German racing driver

Sebastian Balthasar (Cologne, Germany, 30 August 1996) is a German racing driver.

==Career==

===Karting===
Balthasar started his racing career in the 2009 karting season. He became third in the Rotax Max Challenge Germany. A year later, he entered the Ciao Thomas Knopper Memorial, the ADAC Kart Championship, the German Junior Kart Championship and the Andrea Margutti Trophy, with a tenth place as his best result. He continued karting throughout 2011 and 2012, again entering the German Junior Karts, besides racing in the DMV Kart Championship and the Euro Wintercup.

===Formula racing===
Balthasar made the switch to formula racing in 2012, when he entered the ADAC Formel Masters, as the teammate of Alessio Picariello, which he would race again in 2014. With a best result of fourth, he finished 13th in the championship. He then entered the 2012-13 MRF Challenge Formula 2000 Championship season, finishing 19th.

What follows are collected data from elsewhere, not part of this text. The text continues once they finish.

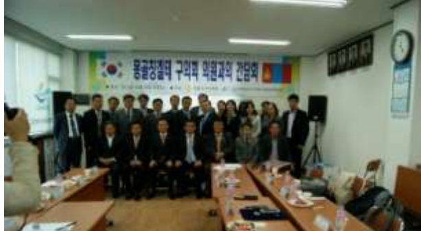
Тайлан бичсэн: Гадаад харилцааны ажилтан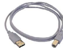
Cable de transmi- sión, terminado con conector USB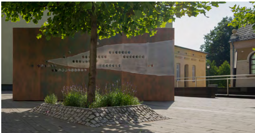
Ryc. 1. Element ekspozycyjny na placu przed wejściem do Centrum Żydowskiego w Oświęcimiu.

dawny dom Kornreichów i Dattnerów 3 , synagoga Chewra Lomdej Misznajot 4 i dom rodziny Klugerów 5 ) został zintegrowany za pomocą zróżnicowanych środków architektonicznych i spójnego systemu identyfikacji wizualnej. Na zewnątrz część ścian Centrum obsadzono różnymi gatunkami bluszczu, a przed głównym wejściem zaplanowano podłużną ławkę o zmiennej wysokości (dla osób o różnym wieku i wzroście). Historyczne wnętrza zostały „wyczyszczone” ze zbędnych elementów i odrestaurowane, a wystawę pt. „Oszpicin. Historia żydowskiego Oświęcimia” 6 podzielono tematycznie na kilka działów eksponowanych w poszczególnych pomieszczeniach – „Początki (do roku 1772)”, „Galicja (1772–1918)”, „Między Wojnami (1918–1939)”, „Zagłada (1939–1945)”, „Polska Ludowa (1945–1989)” i „Pamięć”. W założeniach autorów ekspozycji, miała być ona uzupełnieniem i swoistą przeciwważą dla pobliskiego Miejsca Pamięci i Muzeum Auschwitz-Birkenau 7 , prezentując głównie pozytywną tożsamość i codzienne życie miasta, w którym splatały się losy wielu ludzi, religii i kultur 8 . W ramach nowego projektu architektonicznego wszelkie ingerencje w zabytkową tkanę powstały w szacunku dla delikatnej i trudnej historii oraz wyjątkowego charakteru miejsca.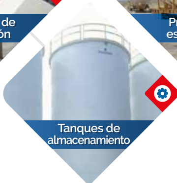
Tanques de almacenamiento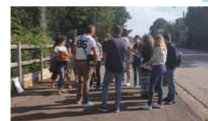
Balade urbaine et atelier participatif pour l'aménagement de la RD7.

Dans un souci de co-construction citoyenne, la Métropole, a mis en place une consultation ouverte de mars à septembre via la plate-forme "Je participe", les questionnaires, les rencontres publiques, les ateliers et les "balades urbaines" afin de recueillir l'avis des usagers et des riverains et ainsi mieux cibler les usages et les attentes sur l'aménagement de cet axe majeur.

Things changed when he entered the 2013 German Formula Three season, finishing only tenth in the ATS Formel 3 Cup, but winning the ATS Formula 3 Trophy.

In 2014, Balthaser competed in FA1, part of Acceleration 2014. He also joined Hilmer Motorsport for a partial season in GP3 Series, but failed to score any points, finishing 32nd in the overall standings.

==Racing Record==
===Career summary===

| Year | Series | Team | Races | Wins | Poles | F/Laps | Podiums | Points | Position |
| 2012 | ADAC Formel Masters | G&J/Schiler Motorsport | 23 | 0 | 0 | 0 | 0 | 37 | 13th |
| 2012-13 | MRF Challenge Formula 2000 Championship | MRF Racing | 4 | 0 | 0 | 0 | 0 | 9 | 19th |
| 2013 | German Formula 3 Championship | GU-Racing | 28 | 0 | 0 | 0 | 0 | 54 | 10th |
| 2014 | GP3 Series | Hilmer Motorsport | 8 | 0 | 0 | 0 | 0 | 0 | 32nd |
| Formula Acceleration 1 | Acceleration Team Germany | 10 | 0 | 0 | 0 | 3 | 76 | 4th |
| 2014-15 | MRF Challenge Formula 2000 Championship | MRF Racing | 4 | 0 | 1 | 0 | 0 | 8 | 20th |
| 2015-16 | MRF Challenge Formula 2000 Championship | MRF Racing | 4 | 0 | 0 | 0 | 0 | 6 | 20th |
| 2020 | Lamborghini Super Trofeo Europe - Pro | Leipert Motorsport | ? | ? | ? | ? | ? | ? | ? |
| 2021 | Lamborghini Super Trofeo Europe - Pro | Leipert Motorsport | ? | ? | ? | ? | ? | ? | ? |
| 24H GT Series - GT3 | 1 | 0 | 0 | 0 | 0 | 0 | NC |
| 2022 | Italian GT Championship - GT3 Pro-Am | Imperiale Racing | 3 | 1 | 0 | 0 | 2 | 32 | NC |
| Italian GT Championship | 3 | 0 | 0 | 0 | 0 |  | NC |
| 2023 | Lamborghini Super Trofeo Europe - Pro | Oregon Team |  |  |  |  |  |  |  |
| 2024 | Lamborghini Super Trofeo Europe | Leipert Motorsport |  |  |  |  |  |  |  |
| 2025 | Lamborghini Super Trofeo Europe - Pro | BDR Competition by Group Prom | 2 | 0 | 0 | 0 | 1 | 0 | NC† |

===Complete Formula Acceleration 1 results===
(key) (Races in bold indicate pole position) (Races in italics indicate fastest lap)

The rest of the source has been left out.